# Prokofiev's "War Sonatas"



## violadude (May 2, 2011)

I'm listening to these pieces and I notice that the famous Beethoven's 5th rhythm features in all of them. Does anybody know if this is just coincidence or a deliberate quotation device used to thematically bind these three sonatas together?


----------



## Ukko (Jun 4, 2010)

violadude said:


> I'm listening to these pieces and I notice that the famous Beethoven's 5th rhythm features in all of them. Does anybody know if this is just coincidence or a deliberate quotation device used to thematically bind these three sonatas together?

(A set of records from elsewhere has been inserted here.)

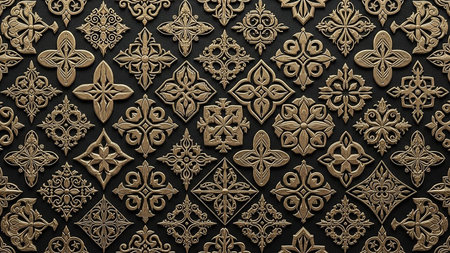 Ornate golden floral medallions are set within dark diamond-shaped frames on a textured background, evoking richness and historical grandeur.
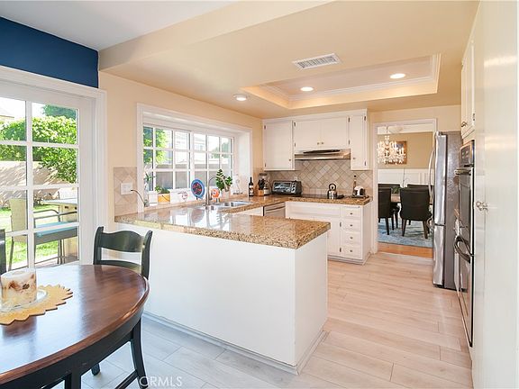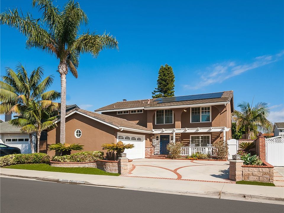 Capturing the true essence of the Huntington Beach “California” lifestyle - This exquisite home has an exceptional floor plan located in South Huntington Beach. Ideally situated within the Franciscan Fountains subdivision, this beautifully designed home flows seamlessly throughout, with over 2600 square feet of living space and a flat useable oversized lot measuring almost 6000 square feet. Upon approach, you are greeted by a stunning front door entrance that leads you into a lovely home that is perfectly laid out. The beautifully sized formal living room sits to the right of the entrance and is adjacent to the formal dining area which is complimented by wainscoting, a gorgeous custom coffered ceiling and french doors leading to the private back yard. Both formal areas are generously sized with plenty of room to entertain. The expansive family room is highlighted by an elegant fireplace, large windows that allows in an abundance of natural light and a sliding door leading out to a relaxing back yard which is perfect for lounging and enjoying your family and friends. The chef's kitchen is equipped with stainless steal appliances, granite countertops and a large garden window. The main floor bedroom is perfectly placed with a secluded entrance and near its own full bathroom. The romantic spiral staircase leads you up to the additional bedrooms with the Grand Master Suite offering its own private office (which can be the 5th bedroom), a considerably sized window and a luxurious master bathroom with dual vanity sinks and a walk-in closet featuring custom built-in shelves. The additional bedrooms are both graciously sized and are wonderfully placed within the upstairs layout. Additional features included: wood and luxury laminate flooring throughout, Crown molding and recessed lighting. Situated less than a mile from the ocean, you now can enjoy all that California has to offer - Welcome home!
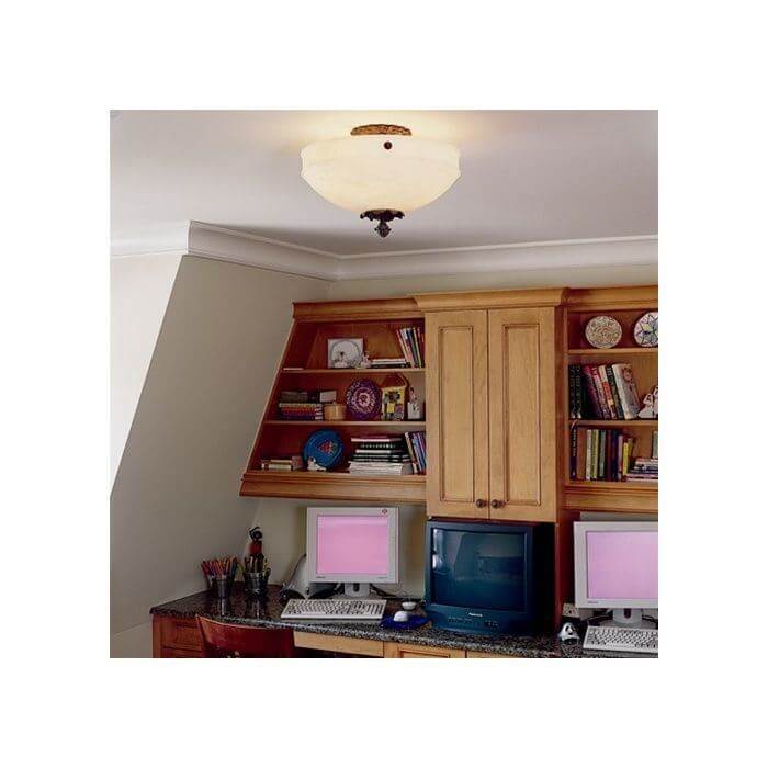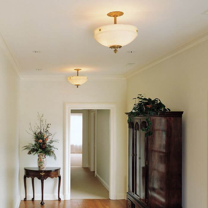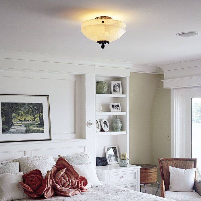 Low eight foot ceilings do not necessarily have to be a deterrent when choosing stylish lighting for a bedroom. As shown here, a single stem alabaster pendant with a short overall length keeps the fixture tight to the ceiling in this upstairs bedroom. The shallow overall length, combined with the curved cavetto crown molding, create the illusion of a taller ceiling. The design of this upstairs bedroom also carefully navigates the issue of a steeply pitched roof producing an angled wall. This obstacle is overcome in the design with a built-in that not only offers valuable storage space, but also functions as a headboard.
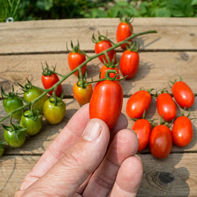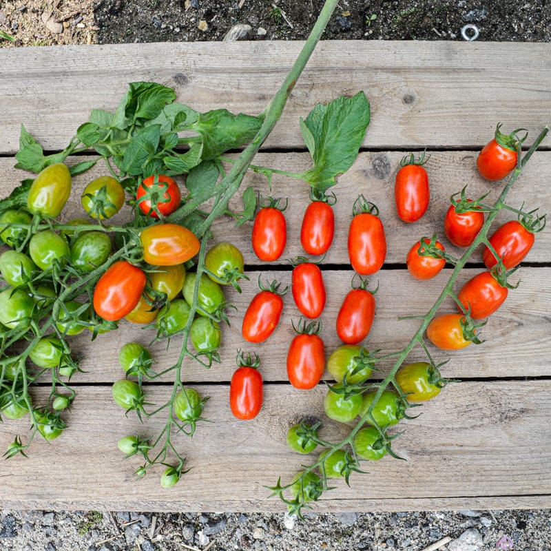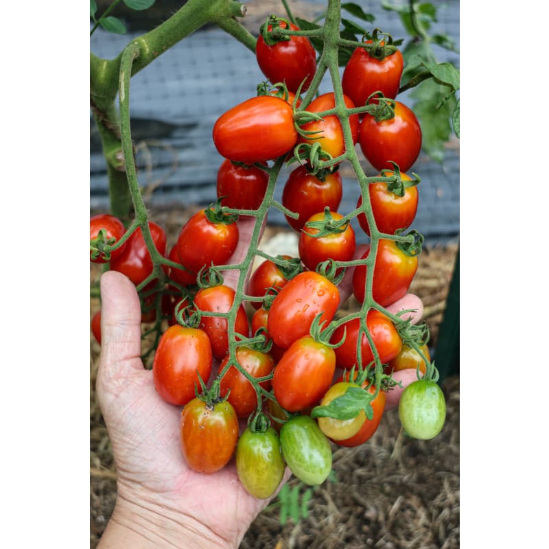Candy Bell is the ideal grape tomato with long trusses of sweet fruits, 9 on the Brix scale. Our plants even grew some double trusses that held a total of 26 tomatoes and I have eaten half of them while writing this, so yummy! Little to no pruning is required for these strong, super-producer plants. Consistent fruit size with good crack tolerance and some disease resistance. Verticillium and Fusarium races 1 & 2.
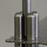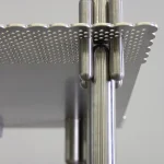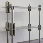 Nopper is a modular system for building a cupboard or a desk. The construction originated from research into plastic building toy blocks for children. The plastic parts with small studs can easily be attached to each other. This principle has been simplified by attaching four or more studs above and below a shelf and clamping a loose leg between them.
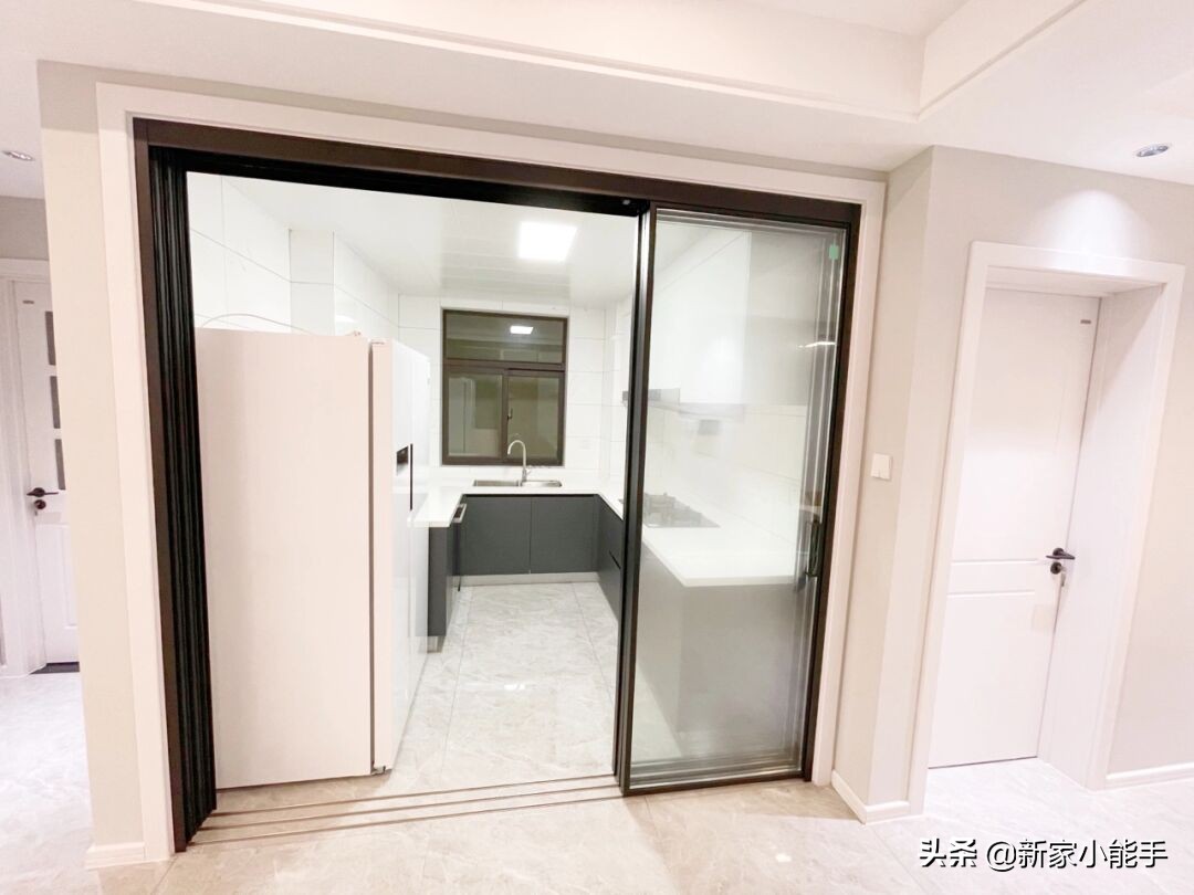 廚房安裝了黑色邊框透明玻璃門,可以透過玻璃看到廚房裡面,顯得空間比較寬敞。安裝的是吊軌,下面是沒有軌道的,做保潔的時候更方便呢。
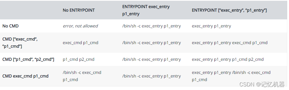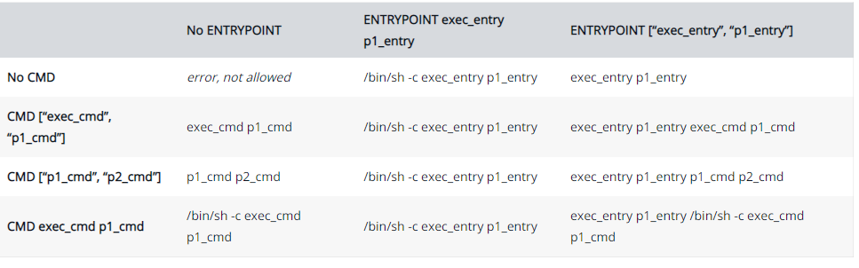下面的表格显示不同CMD和ENTRYPOINT组合后最终执行的命令
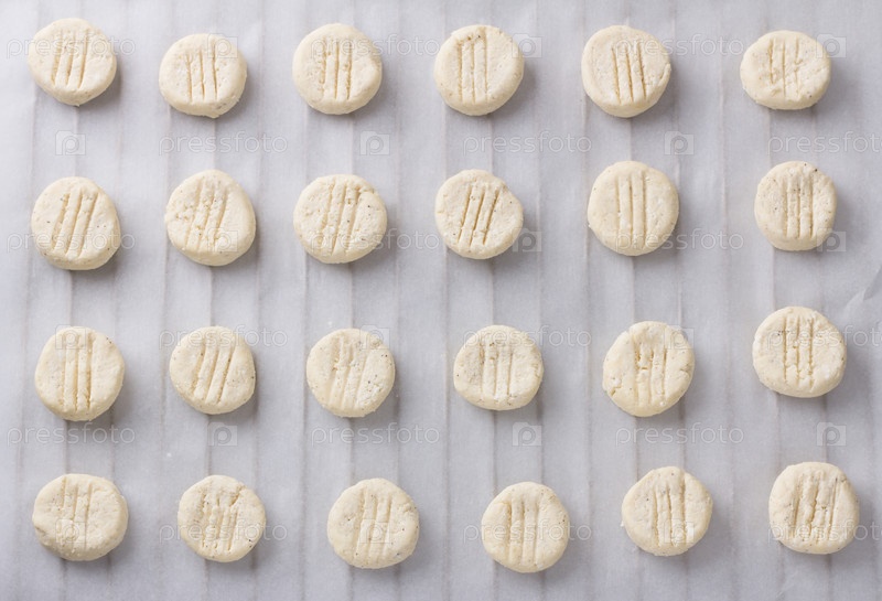 Ньокки из сырого творога на белом пергаменте, вид сверху. Этап приготовления
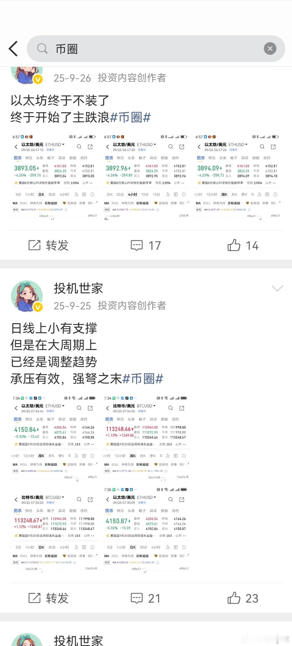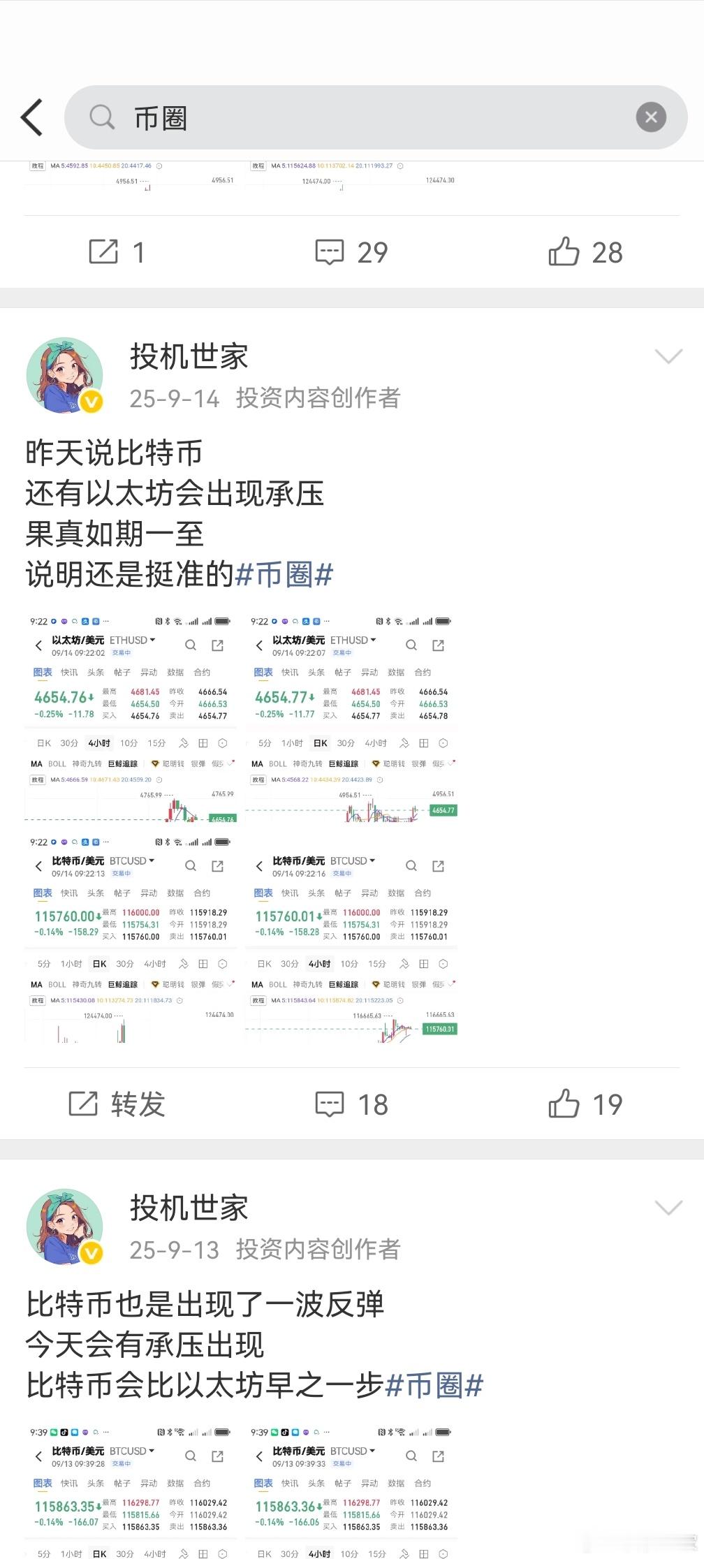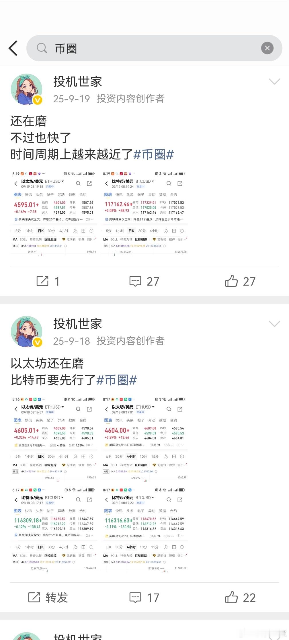 从8月底开始看空比特币和以太坊有心人去看看周期吧币圈货币
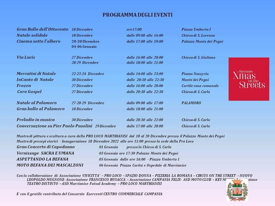 MARCIANISE: ECCO IL PROGRAMMA CON TUTTE LE DATE E GLI ORARI DEGLI EVENTI PER IL NATALE 17 Dicembre 2022 QUI DI SEGUITO IL CALENDARIO:
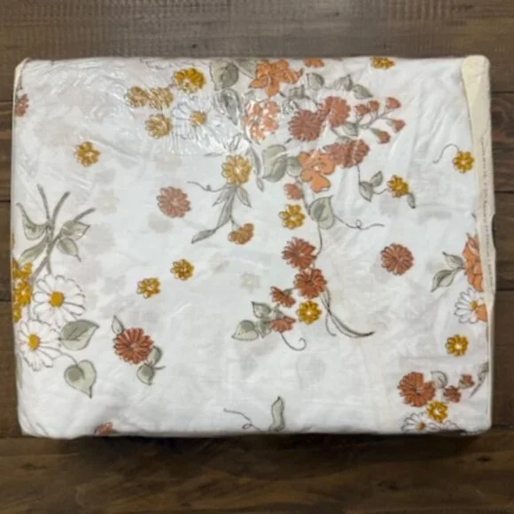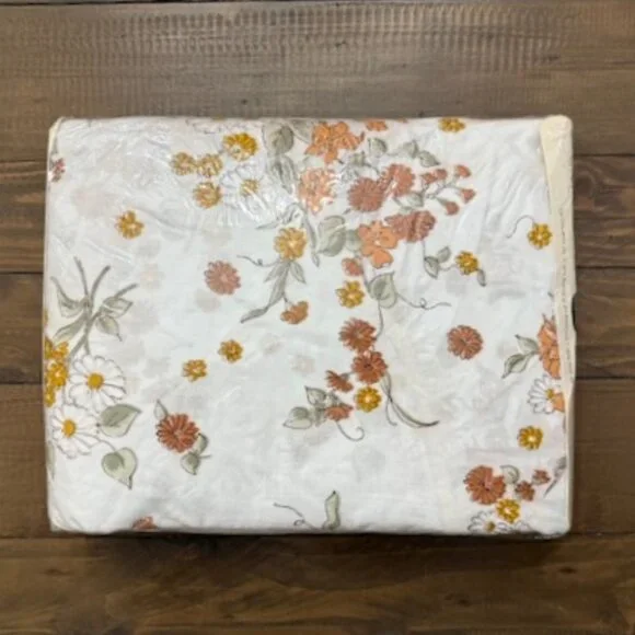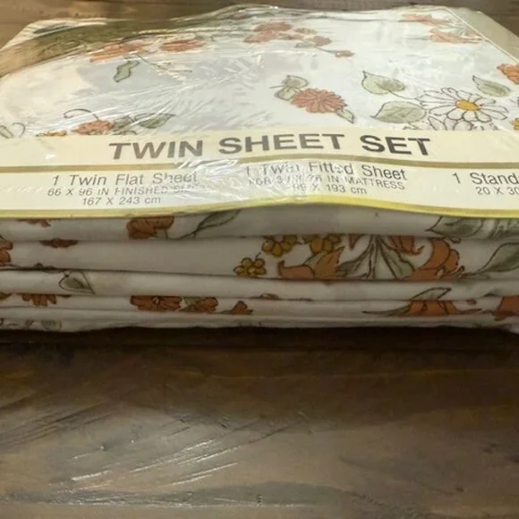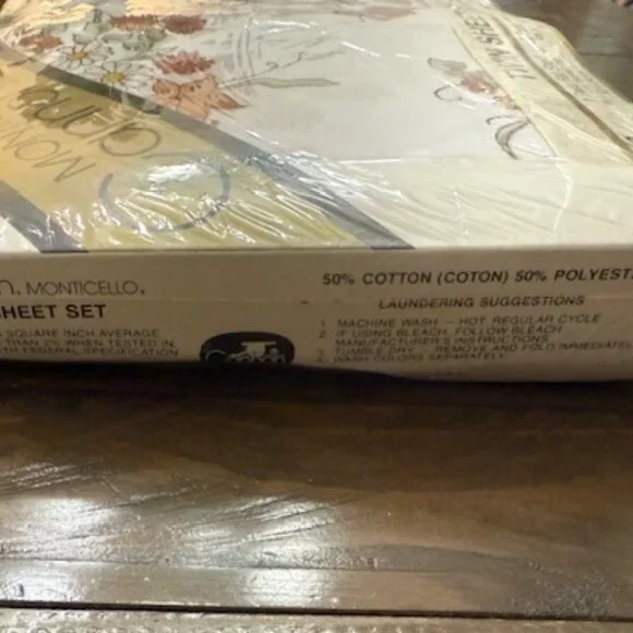 Cannon Monticello 3 Piece Twin Sheet Set Floral Cottagecore 180 Thread Count NOSAdd a touch of timeless charm to your bedroom with this vintage Cannon 3-piece twin sheet set, still sealed in original packaging. Featuring a white background adorned with white and orange flowers, this set exudes classic cottagecore style. Made from durable no-iron percale, it's both beautiful and easy to care for.Includes 1 twin flat sheet, 1 twin fitted sheet, 1 standard pillowcase50% Cotton, 50% polyesterSee label for measurementsMade in USANew old stock - package may show signs of wear from storage
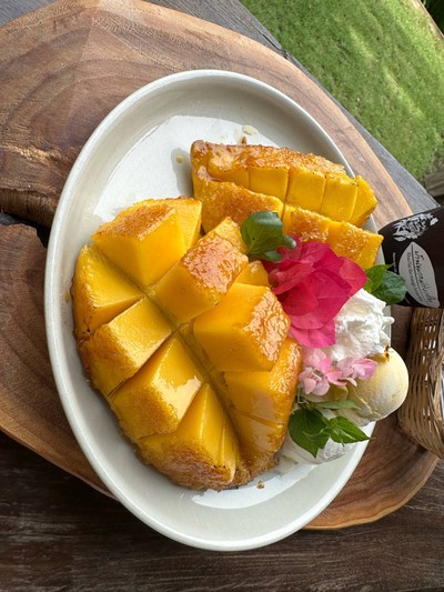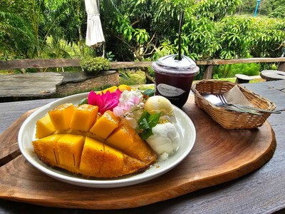 ร้านคาเฟ่ในเขาใหญ่ เข้าไปในซอยประมานสองกิโล มีลานจอดรถหน้าร้านจอดได้หลายคน ไปช่วงบ่ายคนเยอะ ร้านมีสองชั้น เข้ามานั่งชมวิวสวนมะม่วง มีมะม่วงขายและมีเมนูของหวานจากมะม่วงทเป็นข้าวเหนียวมะม่วง ข้าวเหนียวอร่อย ตัวมะม่วงหวานอมเปรี้ยวเข้ากันดี ตัวที่ทางร้านแนะนำเป็นมะม่วงย่างเนย มีน้ำตาลกรอบเป้นแผ่นเคลือบหน้าอยู่ ปอกมาให้กินเป็นคำๆแล้ว รสชาตแปลกใหม่อร่อยดี #Wongnaisongkran2023ดูเพิ่มเติม
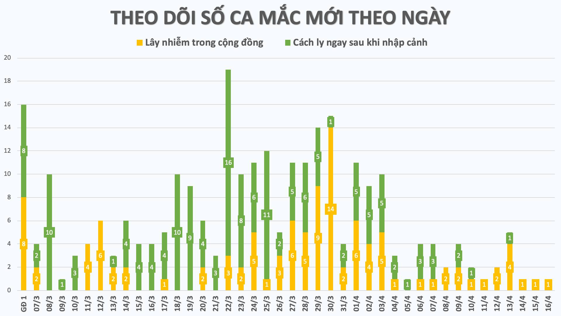 Sáng ngày 16/4, Ban chỉ đạo quốc gia phòng, chống dịch COVID-19 thông tin, đến 6h cùng ngày Việt Nam ghi nhận thêm 1 ca nhiễm, nâng số người mắc lên 268. Tỏng số này có 160 người từ nước ngoài chiếm 59,7%; 108 người lây nhiễm trong cộng đồng chiếm 40,3%.
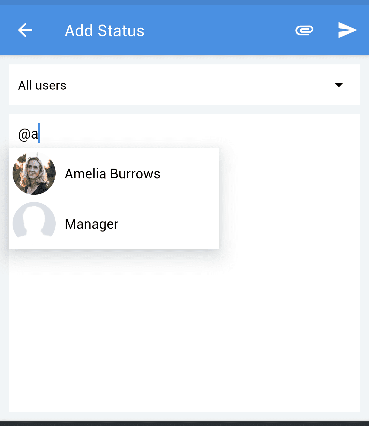 - Pentru a menționa un utilizator, introdu @ și tastează numele lui de utilizator. Alege utilizatorul dorit din lista de nume.

Hah. Do you trust coincidences? Prokofieff was a very clever dude; the commissars had a hard time figuring out his motives, you shouldn't be alarmed if you can't.

I have discovered that I enjoy these sonatas more if I forget the _war_ designation and accept them as 'pure' music. Since forgetfulness is one of my skills, that procedure works well.


----------



## elgar's ghost (Aug 8, 2010)

Interesting - I've never been aware of the Beethoven connection! The convenient timeline-derived title gives the impression of bunching them together which is ironic as the USSR wasn't at war when the first of them was written - in fact, they had just recently had their noses bloodied by Finland before browbeating the Finns into an armistice that saved them from further embarrassment. And I still haven't a clue as to how no. 7 was lumbered with the name 'Stalingrad', unless it either stemmed from the Kremlin's Culture Police for propaganda purposes or from Prokofiev himself in order to keep out of trouble. Rather than putting nos 6, 7 and 8 together (despite apparent similarities in structure) I've always preferred to consider nos. 1-4 and 5-9 as two distinct groups based on the maturity of the composer.


----------



## starthrower (Dec 11, 2010)

I recently bought a Prokofiev piano set, so I'll listen for the "connection".










According to the liner notes in this set, Prokofiev's wife Mira stated that the composer was inspired by a biography of Beethoven when composing some of these works.


----------



## Turangalîla (Jan 29, 2012)

You MUST hear Sokolov play No. 7. There is no performance like it. (On the downside, he makes mine sound terrible.)

Enjoy y'all.


----------